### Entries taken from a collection
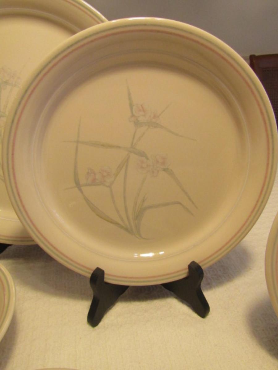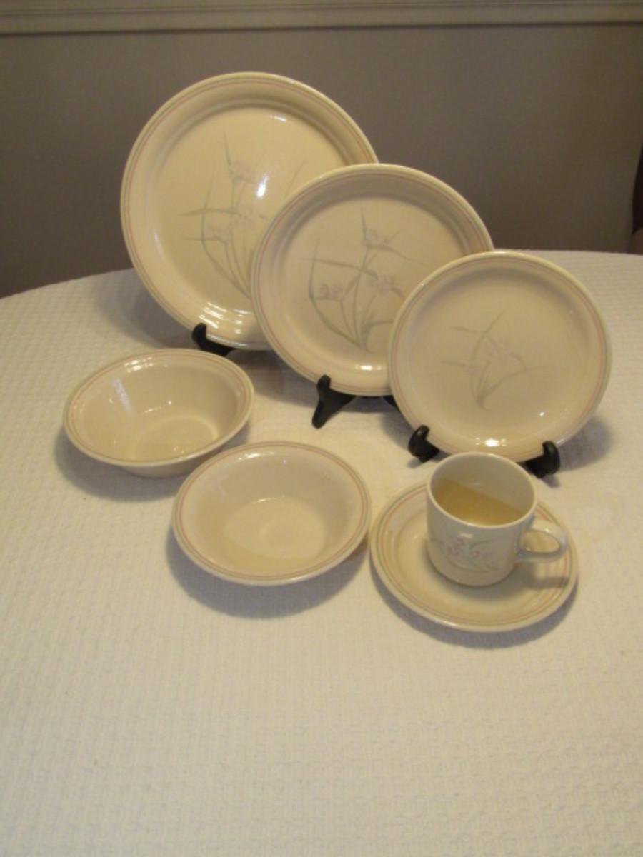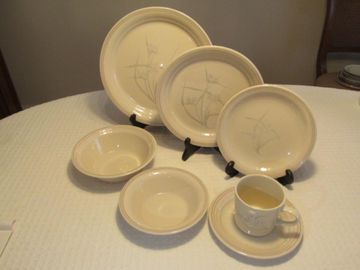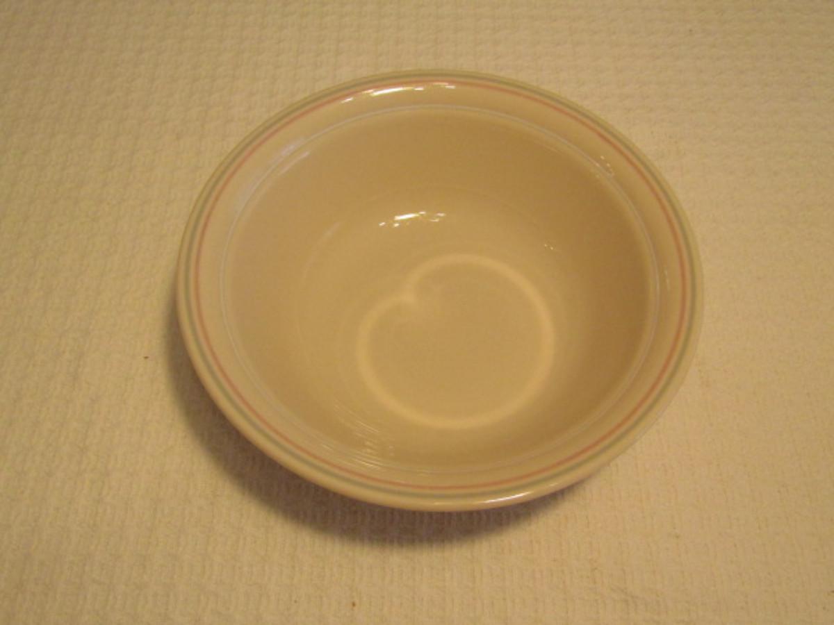Correll Dinnerware- Cream and Floral with Colored Stripes at Rim- Approx 69 Pieces. Dinner Plates (10 1/4")- 6, Salad Plates (8 1/2")- 6, Bread Plates (7 1/4")- 6, Cups- 9, Saucers- 12, Cream and Sugar, Soup Bowl- 6, Berry Bowl- 6, Ice Cream Bowl- 7, Gravy Boat, Butter Dish with Cover, 8 1/2" Vegetable Bowl- 1, 12 1/4" Platter- 6.
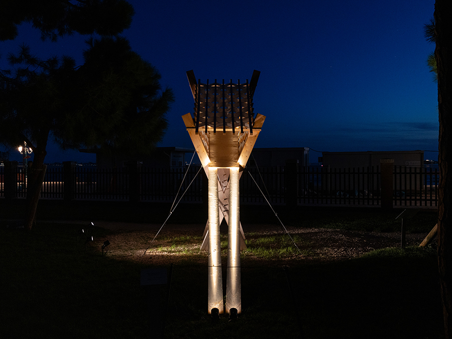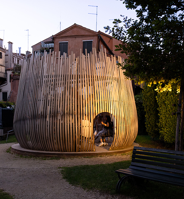 Une cabane en bois qui dialogue avec les pins maritimes penchés des Jardins de la Marinaressa, exploitant leur inclinaison naturelle comme élément à la fois structurel et conceptuel. La structure, à géométrie angulaire, se développe sur plusieurs niveaux et intègre des passerelles intérieures, tandis que les panneaux tressés forment le feuillage qui filtre la lumière naturelle et crée des jeux changeants d’ombres et de perspectives. La combinaison de poutres inclinées, d’éléments de soutien et de panneaux légers confère à l’ensemble un dynamisme qui invite les visiteurs à explorer l’espace.
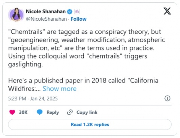 V petkovi objavi na Instagramu je igralec zapisal, da se je zbudil ob jasnem modrem nebu, ki ga je ves dan videl pokrito z letali, ki so "škropila", in pozval vladne uradnike Floride, naj raziščejo in ugotovijo, kdo je škropil.
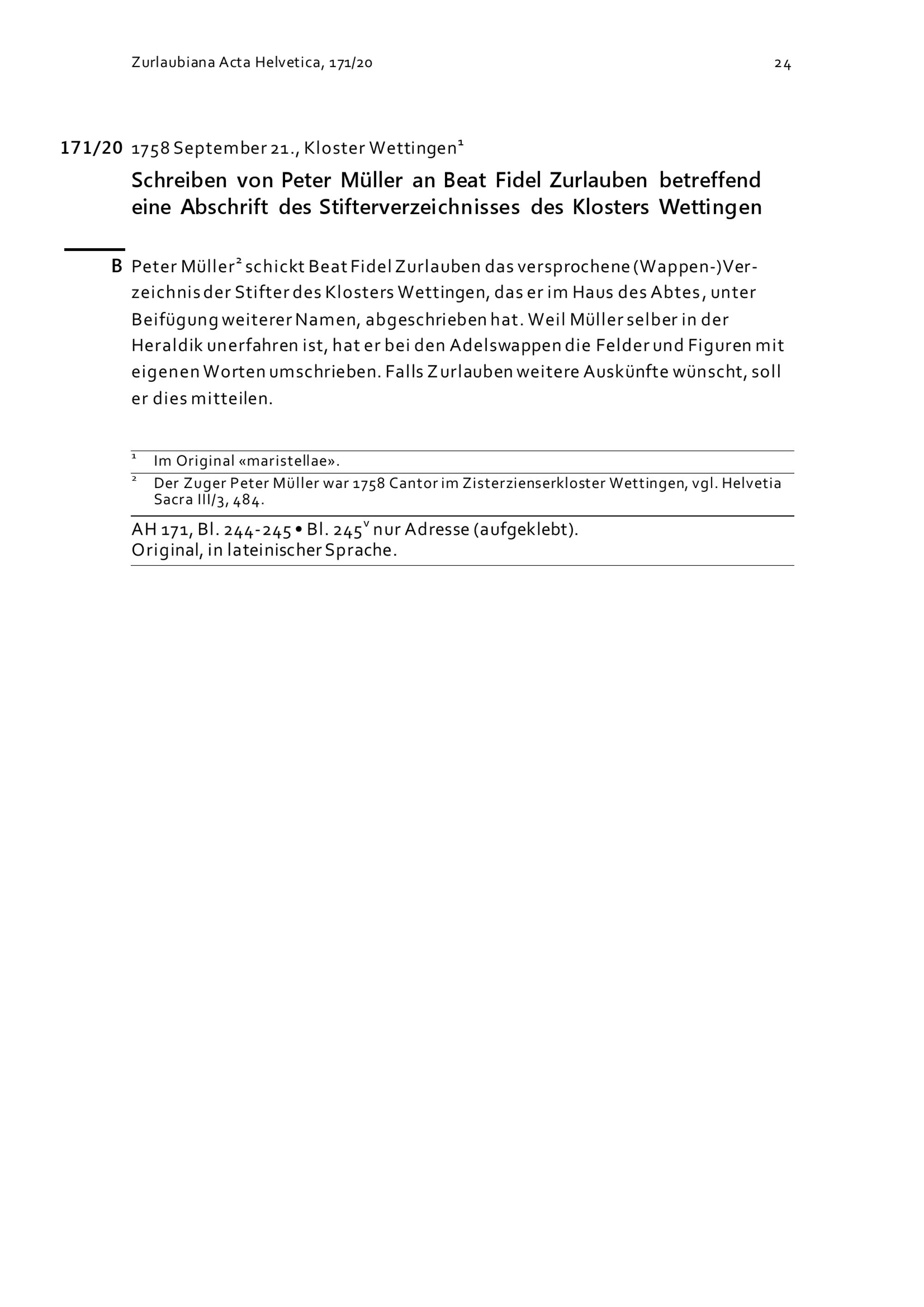 Schreiben von Peter Müller an Beat Fidel Zurlauben betreffend Quellenmaterial des Klosters Wettingen
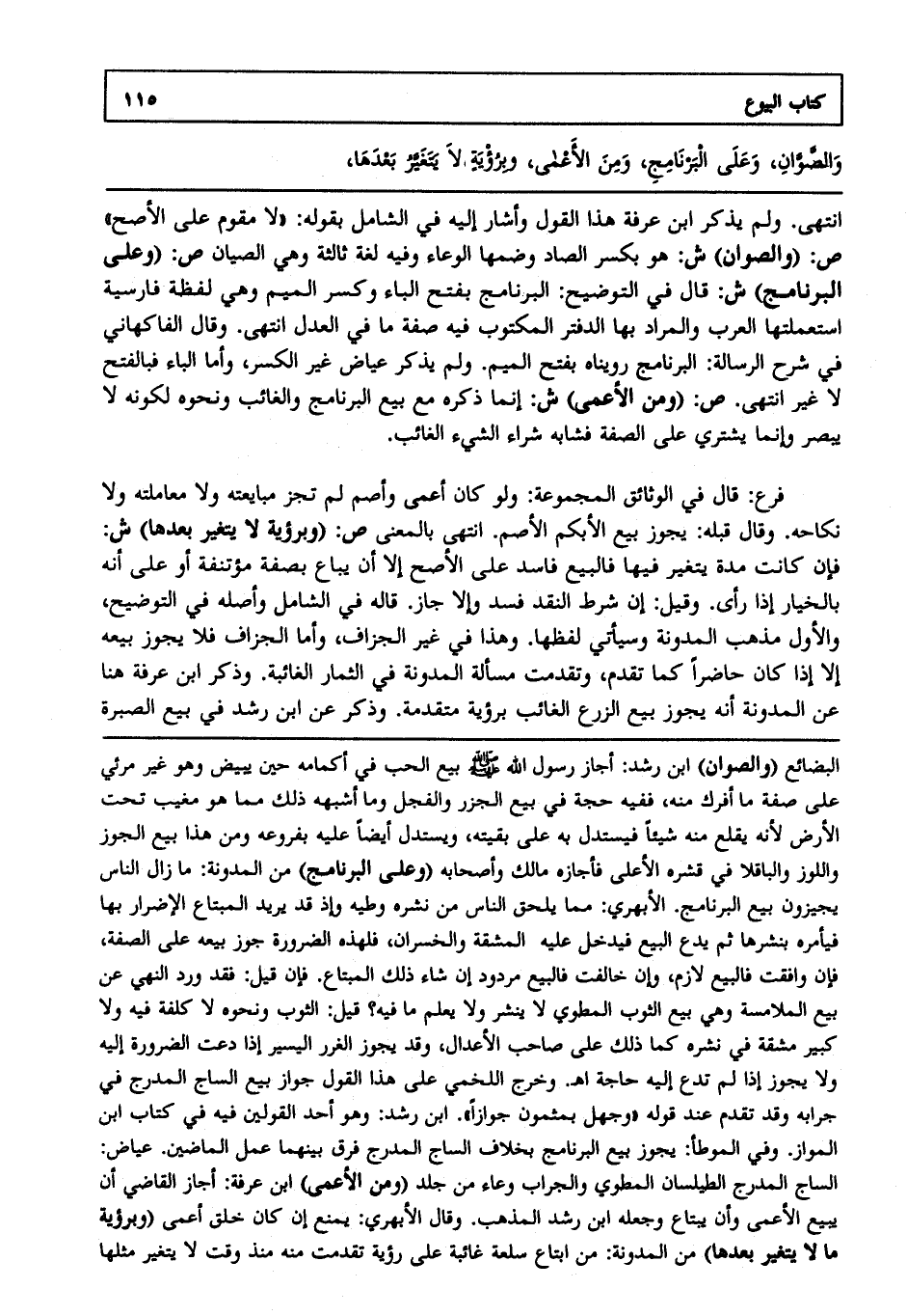 انتهى. ولم يذكر ابن عرفة هذا القول، وأشار إليه في الشامل بقوله لا مقوم على الأصح ص: (والصوان) ش: هو بكسر الصاد، وضمها الوعاء، وفيه لغة ثالثة، وهي الصيان ص: (وعلى البرنامج) ش: قال في التوضيح البرنامج بفتح الباء، وكسر الميم، وهي لفظة فارسية استعملها العرب والمراد بها الدفتر المكتوب فيه صفة ما في العدل انتهى. وقال الفاكهاني في شرح الرسالة البرنامج رويناه بفتح الميم ولم يذكر عياض غير الكسر وأما الباء فبالفتح لا غير انتهى ص: (ومن الأعمى) ش: إنما ذكره مع بيع البرنامج والغائب، ونحوه لكونه لا يبصر وإنما يشتري على الصفة فشابه شراء الشيء الغائب,
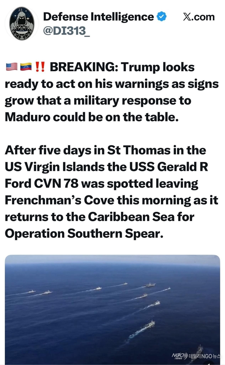 그는 '특히 주목되는 점은 미국 버진아일랜드 세인트 토머스에 5일간 머물렀던 “미국 최신예 항공모함 USS 제럴드 R. 포드(CVN-78)”가 금일 아침 프렌치맨스 코브(Frenchman’s Cove)를 떠나 “카리브해로 회항한 것이 포착”되었다는 사실'이라면서 '이는 곧 “‘오퍼레이션 서던 스피어(Operation Southern Spear·남부의 창)’이 본격 가동될 수 있음을 의미”하며, 베네수엘라 주변 해역에서 미 해군의 전개가 강화되고 있음을 시사한다'고 밝혔다.
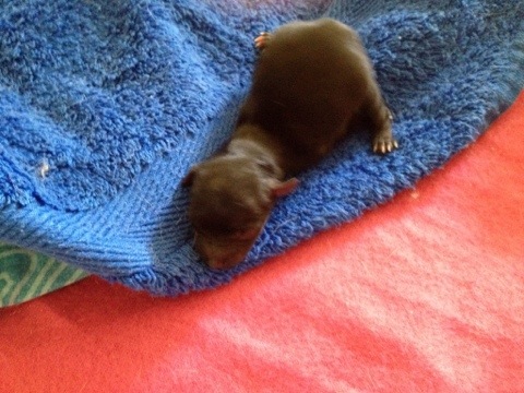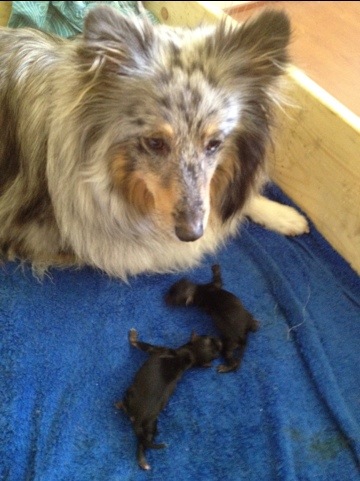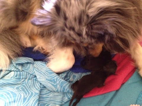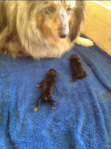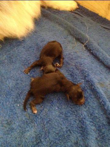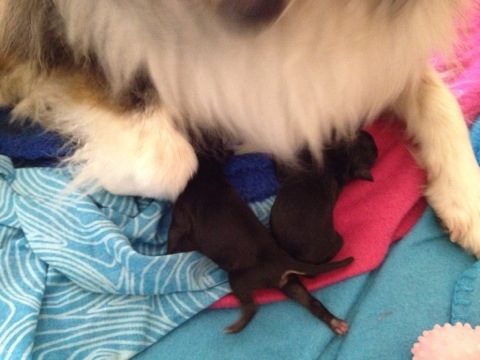 Min mammas vovsing Krissie fick 2 valpar idag! Så himla söta och små och fina! En hane & en Hona! Sjuan & Elvan!!
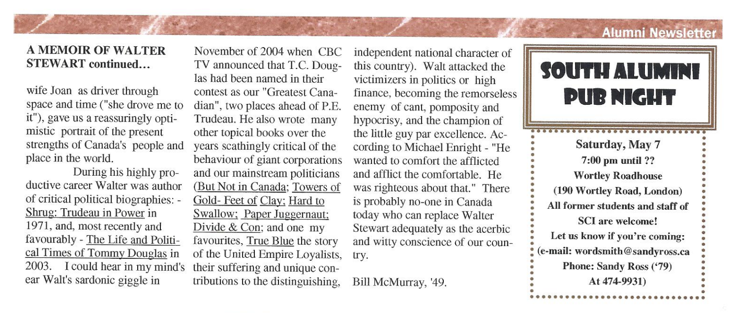 Walter Stewart died of cancer at his home in Sturgeon Point on September 15, 2004. He never learned to drive.
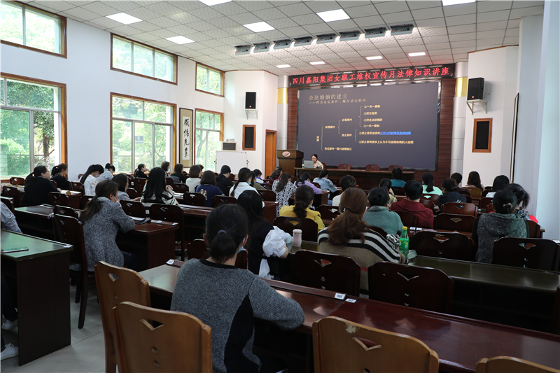 3月24日下午,由嘉阳集团公司工会、女职工委员会组织开展的“女职工维权宣传月法律知识讲座”在集团公司办公楼底楼会议室举行,来自各单位的女工代表50余人聆听了讲座。
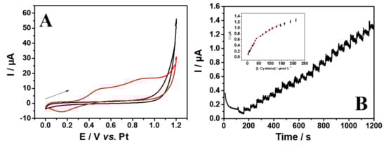 L-cysteine has been suggested as a potential biomarker associated with the progression of SARS-CoV-2 disease []; thus, its detection is a potentially important tool for assessing the outcomes of COVID-19. Initially, the detection of L-Cys was evaluated by CV in 0.1 mol L−1 PBS (pH 6.0) in the presence of 500 μmol L−1 of L-Cys at 50 mV s−1 (Figure 3A).
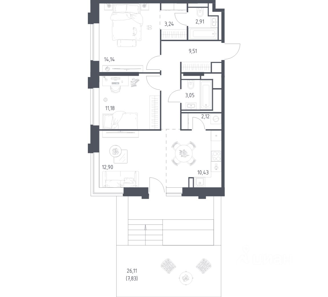Вы можете сразу заказать мебель, технику, декор и текстиль. Уникальный интерьер подчеркнет ваш вкус. Для тех, кто хочет самостоятельно обустроить пространство с нуля, возможна сдача помещения без отделки.
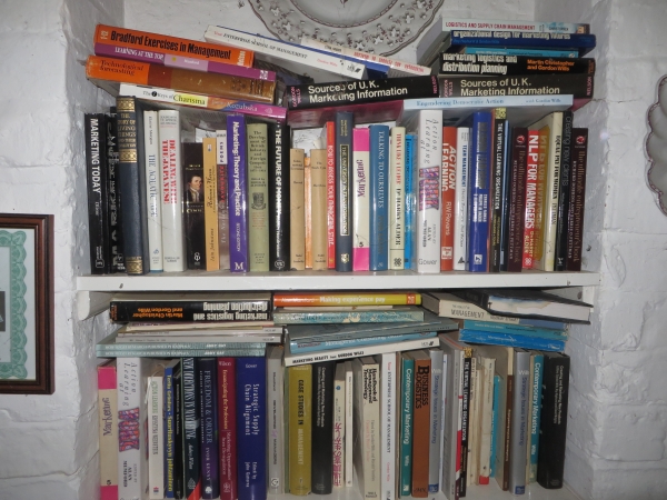 What's on the shelf behind then? With so much chat about the backdrops to HomeWorkers, we felt time for some posing myself. The handheld tome [left] is to distract from the old large white £5 note, Prestonpans Teddy, one Doulton vase of mother's pair, and of course myriad other titles including Olympics records. The tomes to right and then below are some of my 'own' 40 titles and from lifetime colleagues that are gathering dust beneath cobwebs upstairs here in the Dovecot; and just a glimpse of the Madeira pottery we collected there - yes it rained! [Click to enlarge.]
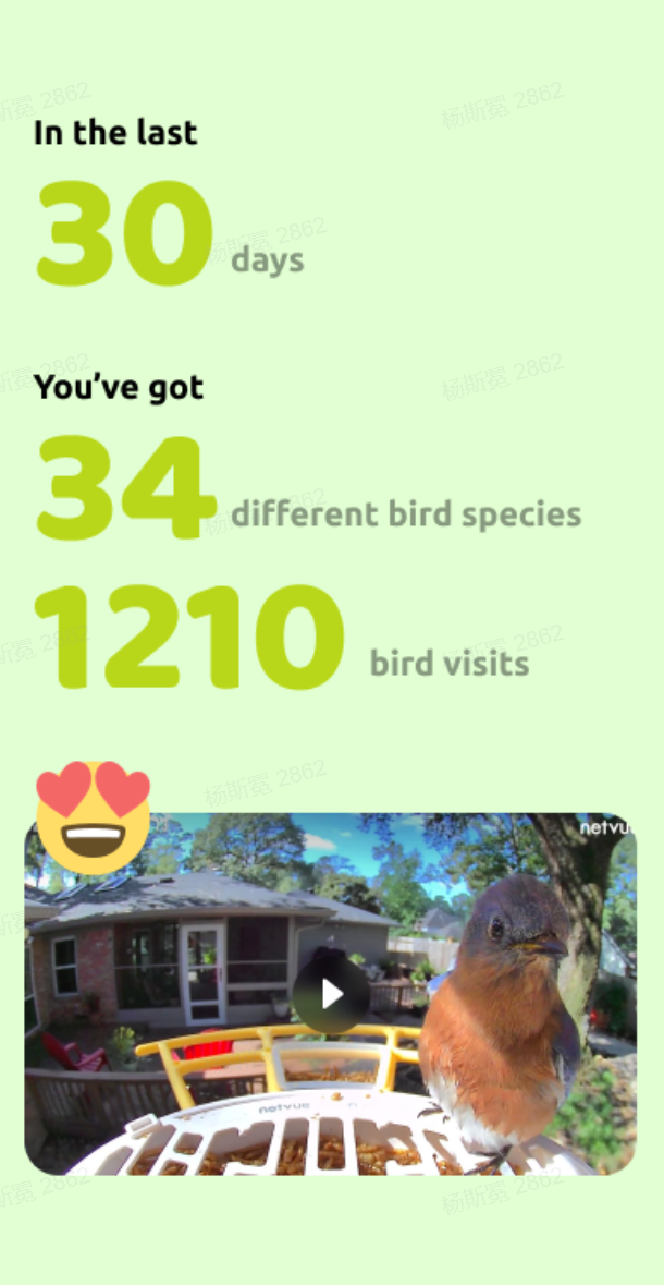 Each Birdfy user will have the option to export the Recap by copying a link or generating an adorable poster. The poster will display the best scenes and a summary of the statistics, enabling users to share and preserve these moments in their gallery.

### Problem statement
Return every record exactly, without the pictures.

### Result below
Correll Dinnerware- Cream and Floral with Colored Stripes at Rim- Approx 69 Pieces. Dinner Plates (10 1/4")- 6, Salad Plates (8 1/2")- 6, Bread Plates (7 1/4")- 6, Cups- 9, Saucers- 12, Cream and Sugar, Soup Bowl- 6, Berry Bowl- 6, Ice Cream Bowl- 7, Gravy Boat, Butter Dish with Cover, 8 1/2" Vegetable Bowl- 1, 12 1/4" Platter- 6.
 Une cabane en bois qui dialogue avec les pins maritimes penchés des Jardins de la Marinaressa, exploitant leur inclinaison naturelle comme élément à la fois structurel et conceptuel. La structure, à géométrie angulaire, se développe sur plusieurs niveaux et intègre des passerelles intérieures, tandis que les panneaux tressés forment le feuillage qui filtre la lumière naturelle et crée des jeux changeants d’ombres et de perspectives. La combinaison de poutres inclinées, d’éléments de soutien et de panneaux légers confère à l’ensemble un dynamisme qui invite les visiteurs à explorer l’espace.
 V petkovi objavi na Instagramu je igralec zapisal, da se je zbudil ob jasnem modrem nebu, ki ga je ves dan videl pokrito z letali, ki so "škropila", in pozval vladne uradnike Floride, naj raziščejo in ugotovijo, kdo je škropil.
 Schreiben von Peter Müller an Beat Fidel Zurlauben betreffend Quellenmaterial des Klosters Wettingen
 انتهى. ولم يذكر ابن عرفة هذا القول، وأشار إليه في الشامل بقوله لا مقوم على الأصح ص: (والصوان) ش: هو بكسر الصاد، وضمها الوعاء، وفيه لغة ثالثة، وهي الصيان ص: (وعلى البرنامج) ش: قال في التوضيح البرنامج بفتح الباء، وكسر الميم، وهي لفظة فارسية استعملها العرب والمراد بها الدفتر المكتوب فيه صفة ما في العدل انتهى. وقال الفاكهاني في شرح الرسالة البرنامج رويناه بفتح الميم ولم يذكر عياض غير الكسر وأما الباء فبالفتح لا غير انتهى ص: (ومن الأعمى) ش: إنما ذكره مع بيع البرنامج والغائب، ونحوه لكونه لا يبصر وإنما يشتري على الصفة فشابه شراء الشيء الغائب,
 그는 '특히 주목되는 점은 미국 버진아일랜드 세인트 토머스에 5일간 머물렀던 “미국 최신예 항공모함 USS 제럴드 R. 포드(CVN-78)”가 금일 아침 프렌치맨스 코브(Frenchman’s Cove)를 떠나 “카리브해로 회항한 것이 포착”되었다는 사실'이라면서 '이는 곧 “‘오퍼레이션 서던 스피어(Operation Southern Spear·남부의 창)’이 본격 가동될 수 있음을 의미”하며, 베네수엘라 주변 해역에서 미 해군의 전개가 강화되고 있음을 시사한다'고 밝혔다.
 Min mammas vovsing Krissie fick 2 valpar idag! Så himla söta och små och fina! En hane & en Hona! Sjuan & Elvan!!
 Walter Stewart died of cancer at his home in Sturgeon Point on September 15, 2004. He never learned to drive.
 3月24日下午,由嘉阳集团公司工会、女职工委员会组织开展的“女职工维权宣传月法律知识讲座”在集团公司办公楼底楼会议室举行,来自各单位的女工代表50余人聆听了讲座。
 L-cysteine has been suggested as a potential biomarker associated with the progression of SARS-CoV-2 disease []; thus, its detection is a potentially important tool for assessing the outcomes of COVID-19. Initially, the detection of L-Cys was evaluated by CV in 0.1 mol L−1 PBS (pH 6.0) in the presence of 500 μmol L−1 of L-Cys at 50 mV s−1 (Figure 3A).
Вы можете сразу заказать мебель, технику, декор и текстиль. Уникальный интерьер подчеркнет ваш вкус. Для тех, кто хочет самостоятельно обустроить пространство с нуля, возможна сдача помещения без отделки.
 What's on the shelf behind then? With so much chat about the backdrops to HomeWorkers, we felt time for some posing myself. The handheld tome [left] is to distract from the old large white £5 note, Prestonpans Teddy, one Doulton vase of mother's pair, and of course myriad other titles including Olympics records. The tomes to right and then below are some of my 'own' 40 titles and from lifetime colleagues that are gathering dust beneath cobwebs upstairs here in the Dovecot; and just a glimpse of the Madeira pottery we collected there - yes it rained! [Click to enlarge.]
 Each Birdfy user will have the option to export the Recap by copying a link or generating an adorable poster. The poster will display the best scenes and a summary of the statistics, enabling users to share and preserve these moments in their gallery.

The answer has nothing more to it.